Are You Neiman Marcus or Sears?

Like real estate, retail is also bifurcating into two major camps. If you are in a reduced commission model, your situation is akin to Wal-Mart. You’re constantly battling over price (i.e. commission). Online marketers and aggregators are vigorously competing to gain market share in much the same way that Amazon is attempting to take market share from Wal-Mart and Target.

At the other extreme are the high-end retail brands such as Louis Vuitton, Mercedes and Jimmy Choo that are prospering due to the quality of their products, their uniqueness and the services they provide.

For real estate, this translates into being a highly niched expert in your marketplace, having a UVP that has at least two or three unique services your competitors do not provide, plus stellar online customer reviews. You must also be able to show the sellers how they will net more by using your services (even though they may pay more in commissions) as compared to using your competitors.
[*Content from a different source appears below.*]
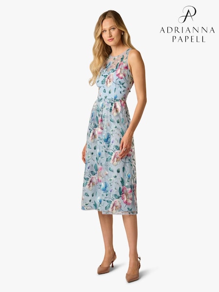 Adrianna Papell Blue Embroidered Dress

Unfortunately, most agents fall into a third camp that can best be described as “Sears.” This middle tier is rapidly disappearing not only in retail, but in real estate as well.

Sellers are willing to pay a full commission, provided that you can show the unique value you bring to the transaction. This means that you must be able to specifically delineate how your full-service, premium value proposition nets the seller more money as compared to the services provided by less capable, “limited services” agents.

Begin with Your Website

Your website is the most obvious place to begin distinguishing yourself from competitors. Because websites today must be responsive – able to adjust in size to fit multiple devices – most agent websites look alike. Now compare those bland websites against the two sites below.

The Figueroa team won the 2017 Inman Innovator award for most innovative team. Instead of a pop up, flash or rolling photos at the top of the website, they have an aerial flyover of their market area. The site is simple, clear and totally focused on their web visitor with interesting and relevant content.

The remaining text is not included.